Thanks for the input. Indeed, I know how painful is to see a dog suffering from HD, my family has another GSD and we paid the price of ignorance, poor research and irresponsible breeders. 

The puppy is 9 weeks old, apparently it was sold already and the buyer decided to wait for the next litter. 

I'm still doing my research, I found a couple of breeders in this forum I'll reach out to. Like I said, I'm planning to visit her this weekend, so I'd be able to ask all those questions, so please don't keep anything to yourself, I really want to make an informed decision. 

Thanks again for your contribution.


----------



## LuvShepherds (May 27, 2012)

It looks like the breeder relies on testing of the sire and on prior experience with her females as a substitute for testing. You should post the mother's pedigree or ask on of the experts here to look at it privately (not me). Someone like Carmspack, Wolfstraum or Lisa the moderator. Just because her dogs have never had HD that she knows about, doesn't mean it can't happen in the future.
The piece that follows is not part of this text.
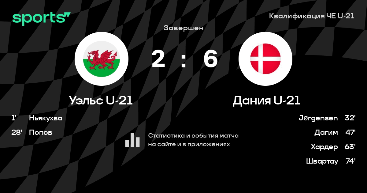 Трансляция Уэльс U-21 - Дания U-21

Be careful of the last male puppy in the litter. It is very hard to walk away from a cute dog, when you know someone else could buy it any second, but it sounds like a big chance to take it without more research.


----------



## LuvShepherds (May 27, 2012)

I see that dog you posted is not the puppy's sire, it's the grandfather. My mistake. So that dog's pedigree is two removed from the puppy.


----------



## rubenunez (Jul 16, 2015)

LuvShepherds said:


> I see that dog you posted is not the puppy's sire, it's the grandfather. My mistake. So that dog's pedigree is two removed from the puppy.


I didn't get that... 

She said that the mother is from her previous stud dog bloodlines of VA1 Larus von Batu, VA1 Yasko vom Farbenspiel, and my past stud dog V Hoss vom Sfeffen Haus. No HD in my kennel ever in 20 years 

TBH, all that sounds like foreign language to me. If you can help to understand, I'll appreciate it.


----------



## LuvShepherds (May 27, 2012)

Those three males are all very well bred dogs. Hoss is a Uran dog which one of my best dogs had in her pedigree. But they were all born a long time ago, so without seeing the dam's pedigree, they are likely 3 or more generations back. Basically, that means nothing without her pedigree.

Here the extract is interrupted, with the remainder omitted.